Je la retrouve après une semaine sans elle. Ces sept jours semblent nous avoir rapprochés. En partant j’avais peur qu’ils soient l’occasion pour elle ou pour moi d’une prise de conscience au sujet de cette histoire. Mais c’est le contraire qui s’est produit. Quelques coups de files. Quelques éclats de rires. Des « Tu me manques… - Toi aussi… ». Soudain tout devient plus clair. Nous ne tuons pas le temps ensemble. Nous avons très envi l’un de l’autre.
Elle n’a pas trop changé. Une dizaine d’années de plus environ, de quoi tenir les promesses annoncées il y a fort longtemps. Quelque chose a changé dans son œil… La malice et la sincérité ont remplacé la provocation et l’orgueil. Elle est une femme, plus une ado, il y a moins de révolte, davantage de confiance en elle sans doute. Davantage de certitudes, des doutes d’une autre nature… Elle semble sereine. Son sourire est franc, sans ambiguïté. Même si je les flammes n’ont pas disparu pour autant. En réalité j’ai du mal à nommer ce qui a changé. Elle n’est plus l’adolescente que j’ai connue. C’est tout. Comme je ne suis plus, et heureusement, l’ado hésitant et si manche que je fus. Mes cheveux sont moins blonds. Ils ne sont plus raides. Je n’ai plus les joues creusées, ce visage fin, presque malade que je me trouve sur les photos de cette époque. De la même manière que sa peau est plus lisse, moins rouge, plus claire… De petits changements en fin de compte. Il s’agit toujours d’elle. Nous avons appris. J’ignore encore bien des choses au sujet de Léonore. Mais probablement beaucoup moins que dix années plus tôt. A l’époque je ne savais rien des filles comme des femmes… Désormais le sexe opposé ne me fait plus peur, il n’est plus le danger, il peut être un complice et tant d’autres belles choses. Je sais malgré mes échecs tout ce qu’il peut y avoir de beau et de vivant dans une relation de couple.
_ On ne s’est pas compris…
_ J’étais très timide… dis-je. Tout l’inverse de toi.
_ Je le cachais mieux c’est tout !
_ Moi je n’y ai vu que du feu… Tu me faisais peur même. Tu me terrorisais je crois.
_ Tu rigoles ?
_ Non…
Je la rassure aussitôt. Qu’elle n’aille pas s’imaginer que je suis toujours et encore du genre à m’en laisser imposer.
_ Mais là crois moi plus du tout ! dis-je en rigolant. Je crois même que j’ai rarement vu une personne aussi peu terrifiante…
_ Et je dois le prendre comment ? sourit-elle.
_ Mal, très mal ! C’est pas un compliment venant de ma part…
_ Je me disais bien aussi… murmure-t-elle, doucement, en en me quittant pas des yeux.
Un ange passe.
Soudainement nous semblons réaliser qu’il n’y a plus de musique.
Nous avons en même temps le même réflexe de regarder l’heure. La salle du restaurant est entièrement vide. Toutes les chaises sont sur les tables.
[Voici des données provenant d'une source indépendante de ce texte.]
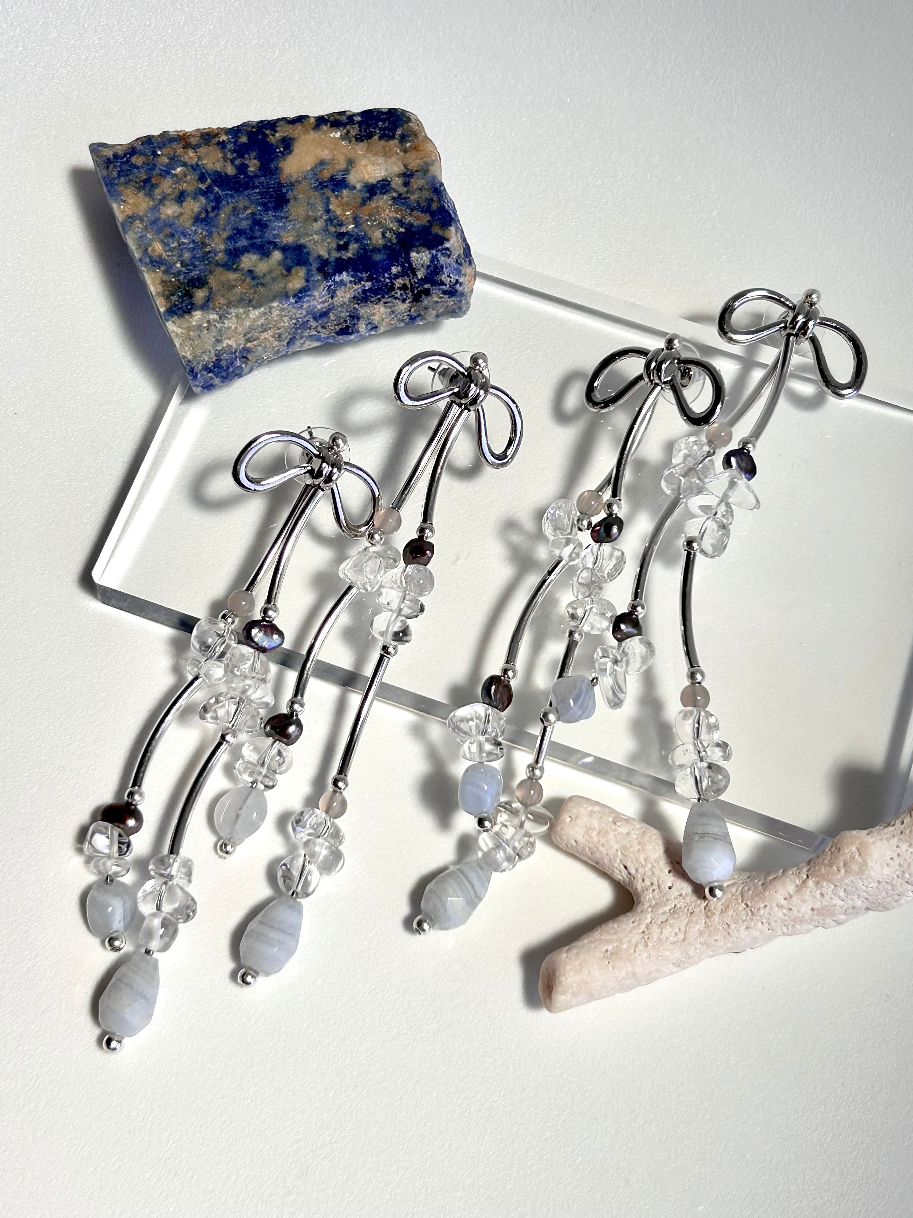 小さなかけらみたいな石を集めてリボンピアス イヤリングにしました
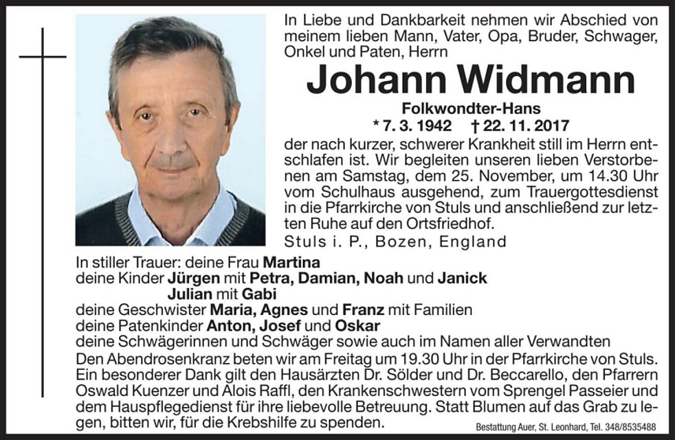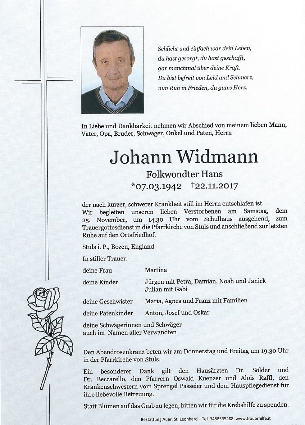 Wir begleiten unseren lieben Verstorbenen am Samstag, dem 25. November, um 14.30 Uhr vom Schulhaus ausgehend, zum Trauergottesdienst in die Pfarrkirche von Stuls und anschließend zur letzten Ruhe auf den Ortsfriedhof.

La lumière a été éteinte sur la moitié de la salle. « Je crois qu’on nous attend… ». Je la regarde passer son écharpe autour de son cou. Je pourrai rester des heures à contempler ses cheveux blonds et son visage.
Ils éteignent derrière nous. Seule l’enseigne reste encore allumée, elle se reflète rouge et verte sur la neige, nous sommes seuls dans la rue, on ne voit pas nos chaussures enfoncées dans la poudre blanche. On se retient l’un à l’autre pour ne pas glisser. Je trouve cela presque surréaliste de tenir sa main. Elle était mon passé. Mon histoire. Une page parmi des pages, pas la pire, mais très certainement la plus ratée. Mais à présent, malgré la fierté d’être avec elle, je ne crois plus qu’elle soit trop bien pour moi. Je n’ai pas peur. Même pas de glisser.